Well, dang. This is one of those films that occupies an important and pivotal spot in the history of the genre--it's got the blood and cleavage of the Hammer Studios films of the previous decade and a half but pinched the "nobody gets out alive" ending from the 1968 landmark Night of the Living Dead. It treats vampirism as dark and romantic (for a creepy, early-Seventies value of "romance") six years before Anne Rice published her claim to fame. It looks back to the past, taking everything it needs from decades of vampires in film going back to the Thirties while simultaneously showing where things were going to go for half a century more. Not too shabby for an AIP flick that was originally going to be a showcase for T&A.

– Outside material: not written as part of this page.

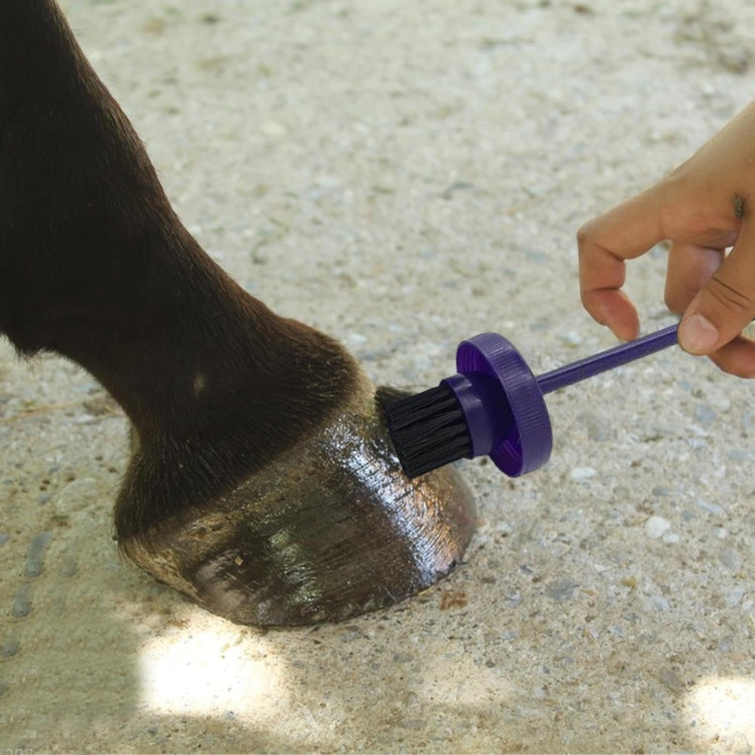 EINFACH ZU VERWENDEN Diese Hufölbürste wird mit einem Eimer geliefert, mit dem Sie die Hufe Ihres Pferdes in wenigen Minuten reinigen und polieren können, sodass sie glänzend und gesund bleiben.

"I thought you were reviewing C.H.U.D. this year. I got dressed up to do a C.H.U.D. joke, and you need to do a better job of letting me know what your schedule is going to be."
I remain unconvinced, which is why the vampire would be able to kill me if one set up shop in Ann Arbor and had a taste for diabetics with Type O-Negative.
ReplyDeleteI read a short story some years ago about a vampire whose penchant for diabetics ended up landing him in the dentist's chair with a bad fang.
Fortunately, my AB-positive is of little interest to haemivorous revenants.
Oh, sure, but if you find one with a taste for rarer indulgences you might be in trouble.